The horizontal axis of the Time History Chart represents time. The vertical axis
represents distance in range, as measured from the ASTIR3300 system. (The
vertical axis of the Time History Chart is synchronized with the vertical axis of the
Image Window, and both displays will be automatically updated whenever the
reconstruction area is modified.) As data collection progresses, the Time History
Chart updates one vertical strip at a time, from left to right, across the screen.
The violet cursor in the figure above indicates the location of the present update.
When the Time History Chart has been completely filled, the current position
jumps to the far left of the chart, and new updates will continue to be recorded as
the chart updates and overwrites any previous history from left to right.

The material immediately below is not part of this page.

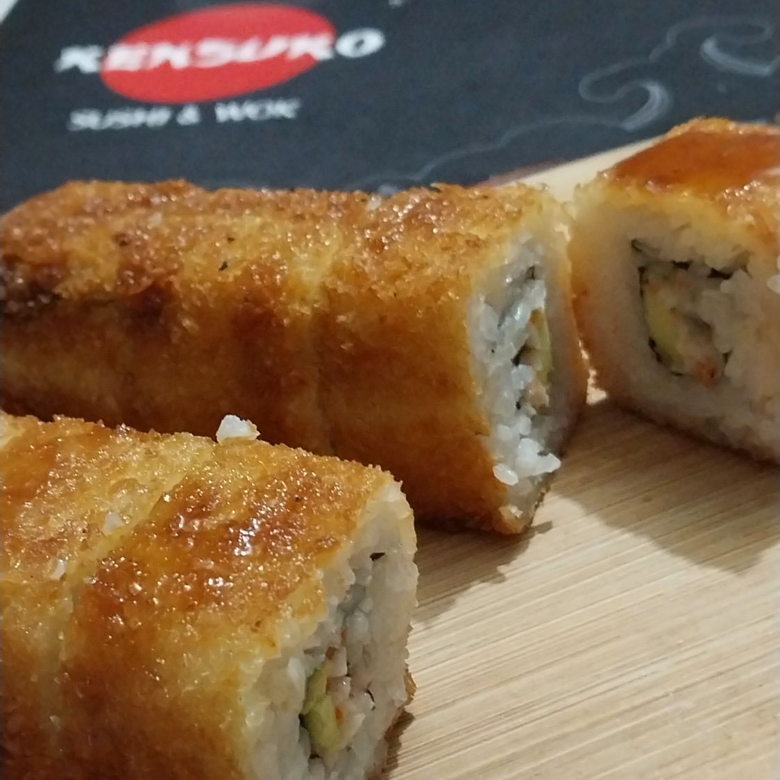 Por dentro: canicama picante y queso crema, por fuerta: empanizado y camarón tempura.

Each vertical strip of the Time History Chart indicates a Range Profile formed by
extracting a single antenna combination from the radar data. The color intensity
scale allows the user to see the likelihood of there being an individual or a target
that is N meters in range from the ASTIR3300 system, with N increasing along
the vertical axis. As an example, the Time History Chart in the previous graphic
shows an individual walking at near consistent speed into the area of interest,
and is captured entering the door at the front of a building. The front wall is
approximately 18 meters from the ASTIR3300 system.
The range limits of what is displayed on the Time History Chart are determined
by the user. The vertical axis is the same as that of the Image Window. When the
user changes the reconstruction area by either dragging the red rectangle or
clicking Zoom in or Zoom Out, the range limits on both the future portion of the
Time History Chart as well as the Image Window will update accordingly.
Image Window
The Image Window is a graphical representation of an overhead view of the
building or area of interest, showing any walls or individuals within the area and
their locations in range as well as cross-range as mapped to the reconstruction
area selected by the user. Prominent objects that are not moving, such as
background features like walls or metal doors, are displayed in grayscale in the
Image Window. Overlaid on top of this grayscale image is a breathing detection
image that uses the color intensity scale to show the likelihood of a breathing or
moving individual present, as well as their location in range and cross range
relative to the ASTIR3300 system. However, keep in mind that larger motions of
the individual are most easily seen and tracked using the Time History display.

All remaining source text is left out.